Finite temperature effects in Coulomb blockade quantum dots and signatures of spectral scrambling
Y. Alhassid, S. Malhotra

TL;DR
This paper investigates how temperature influences conductance peak fluctuations in Coulomb blockade quantum dots, highlighting the role of spectral scrambling due to electron interactions and matching recent experimental observations.
Contribution
It introduces a theoretical framework using discrete Gaussian processes to analyze spectral scrambling effects on temperature-dependent conductance fluctuations in quantum dots.
Findings
Spectral scrambling affects the temperature dependence of peak spacing fluctuations.
Saturation in peak-to-peak correlator temperature dependence is observed.

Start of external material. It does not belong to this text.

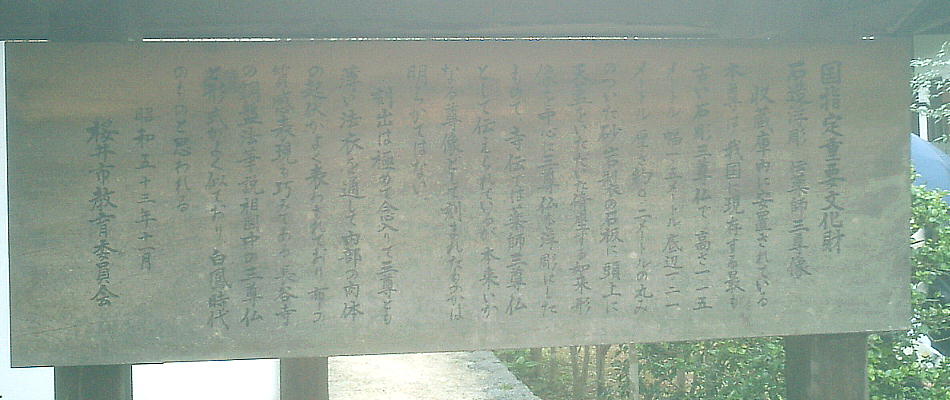 収蔵庫に安置されている本尊は、白鳳時代に製作された薬師三尊であると伝えられている。我が国に現存する最も古い石彫りの三尊仏で、

Theoretical results align with recent experimental data.
Abstract
The conductance in Coulomb blockade quantum dots exhibits sharp peaks whose spacings fluctuate with the number of electrons. We derive the temperature-dependence of these fluctuations in the statistical regime and compare with recent experimental results. The scrambling due to Coulomb interactions of the single-particle spectrum with the addition of an electron to the dot is shown to affect the temperature-dependence of the peak spacing fluctuations. Spectral scrambling also leads to saturation in the temperature dependence of the peak-to-peak correlator, in agreement with recent experimental results. The signatures of scrambling are derived using discrete Gaussian processes, which generalize the Gaussian ensembles of random matrices to systems that depend on a discrete parameter -- in this case, the number of electrons in the dot.